There are also two general type markers, _ for a number of unspecified type, and _U for an unsigned number of unspecified size. In LES, any type marker that is not on this list is legal, but will be left uninterpreted by default; LNode.Value will return a string of type UString.

The syntax corresponding to each type marker is standardized, meaning that all implementations of LES2 and LES3 that can parse these types must do so in exactly the same way.

The Decimal and RegEx types have printers (with default type markers _m and re) but no parser, because these type markers are not standardized. It's worth noting that regular expressions that are valid in one language may be invalid in another, so to avoid parsing issues, re strings are not parsed to RegEx by default.

The type marker "null" represents null, and the only valid value for the null and void type markers is an empty string ("").

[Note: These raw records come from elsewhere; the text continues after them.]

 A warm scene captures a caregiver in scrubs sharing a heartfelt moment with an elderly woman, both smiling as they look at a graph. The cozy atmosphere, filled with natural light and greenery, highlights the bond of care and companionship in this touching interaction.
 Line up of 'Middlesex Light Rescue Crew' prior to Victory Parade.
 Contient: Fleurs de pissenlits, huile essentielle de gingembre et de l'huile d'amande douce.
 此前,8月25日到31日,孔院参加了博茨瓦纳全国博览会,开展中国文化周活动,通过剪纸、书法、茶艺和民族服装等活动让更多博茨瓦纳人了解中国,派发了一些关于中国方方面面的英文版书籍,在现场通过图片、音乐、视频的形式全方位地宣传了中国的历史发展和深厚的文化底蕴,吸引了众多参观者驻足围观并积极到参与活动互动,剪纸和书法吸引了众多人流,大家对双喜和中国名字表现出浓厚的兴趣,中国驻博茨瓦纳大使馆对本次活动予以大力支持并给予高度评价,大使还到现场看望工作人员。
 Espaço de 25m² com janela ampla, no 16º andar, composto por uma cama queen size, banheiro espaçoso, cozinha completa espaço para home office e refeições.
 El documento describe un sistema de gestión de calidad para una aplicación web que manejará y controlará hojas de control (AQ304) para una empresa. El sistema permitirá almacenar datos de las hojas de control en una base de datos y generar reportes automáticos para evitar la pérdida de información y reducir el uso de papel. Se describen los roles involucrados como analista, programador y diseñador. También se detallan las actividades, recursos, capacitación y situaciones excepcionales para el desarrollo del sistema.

The only valid values for the bool type marker are "true" and "false" and case variations of these (e.g. "TRUE", "faLSE").

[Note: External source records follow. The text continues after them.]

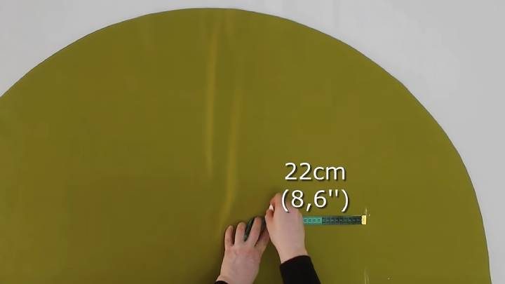 Вырежьте по линии. Раскройте ткань один раз, чтобы она была сложена только вдвое. От края отступите 30 см. От этой точки проведите вверх линию 18 см. Наконец, от неё проведите в бок 22 см (на той же высоте 18 см от низа).
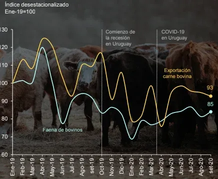 Por su parte, la exportación de carne bovina en toneladas se ha reducido 2,1% con respecto a agosto (desestacionalizado), y está 14,7% por debajo de su nivel de agosto de 2019.
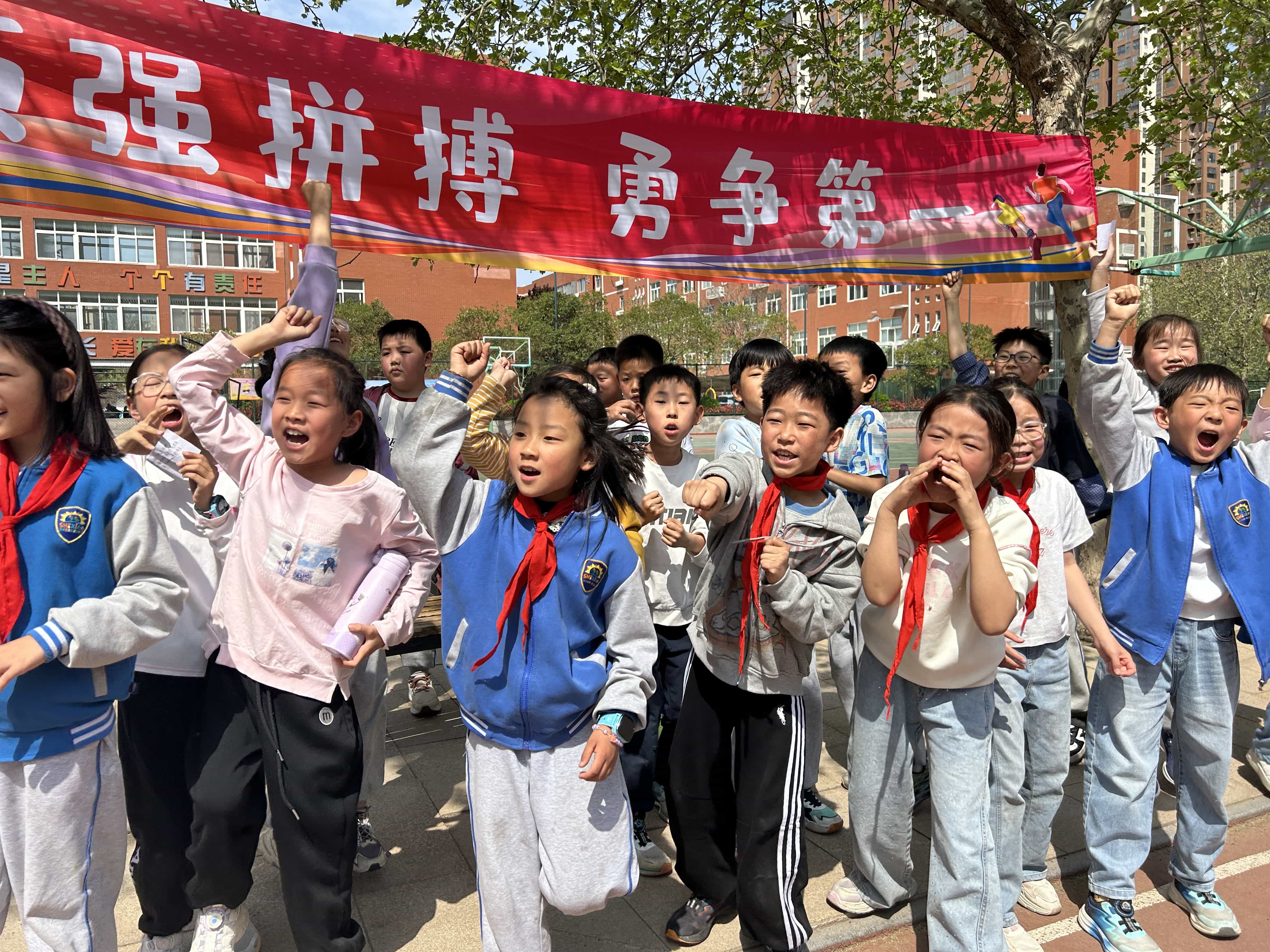 赛场之外,同样是一片热血沸腾的景象。实验小学教育集团总校区书记司岚岚也来到了比赛现场,与各班最热情的啦啦队,一起为运动员们呐喊助威。“加油!加油!”的声浪此起彼伏,震得操场都嗡嗡作响;有的同学手举精心制作的加油牌,挥舞着彩色小旗,用最响亮的声音传递着最纯粹的支持。

Character literals are special in .NET because they parse into one of two types, either Char or String, depending on whether the code point is less than 0x10000 or not. Code points of 0x10000 or greater, sometimes called "astral" characters, do not fit in the .NET Char type so String is used instead. The type marker "c" indicates that the literal is not really a String. The character parser does return an error if the input is not a single code point (i.e. two code units are fine if and only if they are a surrogate pair). However, the printer keyed to type string doesn't care if the type marker is "c" or not.

Type markers begin with an underscore (_) for numeric types only. The underscore enables special syntax in LES2 and LES3. For example, in LES3, 12345z is equivalent to _z"12345", but strings like re"123" can never be printed in numeric form because their type marker does not start with an underscore.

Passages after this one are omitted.